During archaeological excavations of Herod the Great’s palace on Masada in the mid-1960’s, a cache of Judean date palm seeds was discovered. The Judean date palm tree became extinct 800 years ago. For forty years this cache of seeds was stored at an Israeli university. In 2005 three of the seeds were planted, and one of them has grown into a tree that has been nicknamed “Methuselah.” The hope is that this tree can be crossbred with its nearest contemporary relative to produce fruit. After 2000 years this dry, hard, apparently lifeless piece of plant material has produced new life.

Seeds are little miracles of creation. Something that looks so simple, just a little ball of ordinary material to the naked eye, possesses the power to transform itself into a living thing thousands of times its size, complex in shape, and beauty, and function.

Seeds make a fitting picture for the word of God in Jesus’ parable. Something that looks ordinary and small–just some words, a simple message–has the power transform itself into a new heart, a changed man, a life that never ends.

But sometimes the seed does not get a chance to produce the new life God seeks. The first time the devil appears in the Bible, the first words out of his mouth are, “Did God really say…?” Since that time attacking God’s word has been central to his business. It’s no surprise, then, when Jesus explains the first part of his parable this way: “Those along the path are the ones who hear, and then the devil comes and takes away the word from their hearts, so that they may not believe and be saved.”

Note that Jesus does not say the devil prevented these people from ever hearing the word of God. That is part of his business, too. He has many different strategies to keep God’s word out of human ears: oppressive governments that criminalize Christian mission work; lazy parents who won’t take their children to church; cultural forces that turn Sunday morning more and more into “me” time–you know, time to sleep in, golf, fish, or watch TV; jobs and sports that invade Sunday mornings and every other spare moment of time. The word of God terrifies Satan because of its power. He feels safest when he can keep a person from hearing or reading it altogether.

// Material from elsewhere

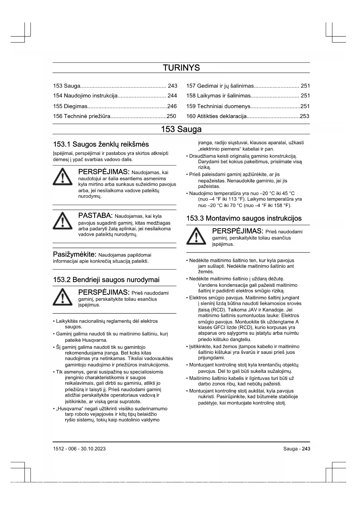 - Montuojant kontrolinę stotį aukštai, kyla pavojus nukristi. Pasirūpinkite, kad būtumėte stabilioje padėtyje, kai montuojate kontrolinę stotį. 1512 - 006 - 30.10.2023 Sauga - 243153.4 Priežiūros saugos instrukcijos PERSPĖJIMAS: Prieš naudodami gaminį, perskaitykite toliau esančius įspėjimus.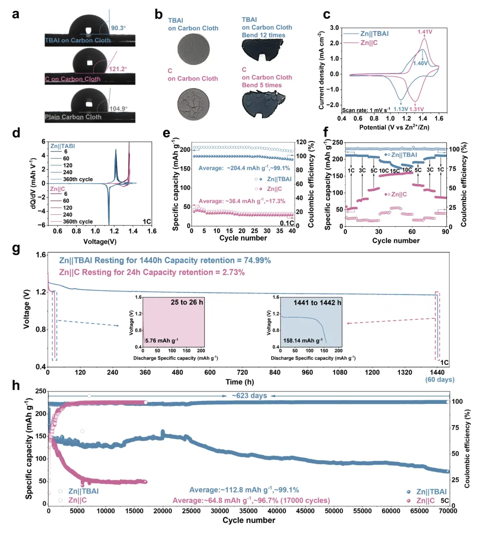 在完成分子筛选后,文章进一步考察了 TBAI 引入正极后的结构与性能响应。结果表明,TBAI 功能化正极在界面润湿性和机械完整性方面均明显优于对照体系,有助于维持稳定的电极结构和反应环境。更重要的是,这种结构与界面优势最终转化为极具代表性的器件表现:Zn||TBAI 在静置 1440 h(60 天) 后仍可保持 158.14 mAh g−1 的可逆容量,展现出极低的自放电水平;与此同时,其在 5 C 条件下可稳定循环 70000 圈(623 天,1.7年),平均容量保持在 112.8 mAh g−1,充分体现出该策略在储能保持能力和超长寿命方面的突出优势。

But when that fails, plan B is to attack God’s word inside the human heart. That’s where Jesus picks things up in his parable. The devil has ways of hardening the heart and snatching the word away before it can do any “damage.” He makes the word sound unreasonable. I mean, miracles and magic are fine for fairy tales. Prince Charming can kiss the princess and bring her back to life. But the dead leaving their graves and rejoining the living? Maybe in a horror flick. Grown-ups don’t put stock in that kind of thing, do they?

Or, he pits the word against our personal experience. “Honor your father and mother.” Yeah right. Maybe in some 1950’s Leave-It-to-Beaver family. Dad was a workaholic, and mom was an alcoholic, and neither cared about anyone but themselves. “He will command his angels concerning you to keep you in all your ways; they will lift you up in their hands, so that you will not strike your foot against a stone.” So where were they when the car accident left me with chronic back pain, or robbed me of 80 percent use of my right hand?

By stirring up false human reasoning, flattering shallow human goodness, appealing to selfish ideas about “fairness,” the devil hardens human hearts and snatches God’s word away. He goes over the heart like a steam roller, making it hard to the idea that I am a sinner who needs God’s grace; or that there is such a thing as God; or that God is loving, forgiving, good, and kind. In this way the greatest gift ever given, Jesus’ selfless sacrifice on the cross, sits like seed on a concrete slab. It might be heard, but it won’t be considered or believed. Satan has effectively snatched the seed away.            

Thank God that his Spirit has ploughed and worked our hearts so that his word could find its way in, and his grace now stirs new life within our souls.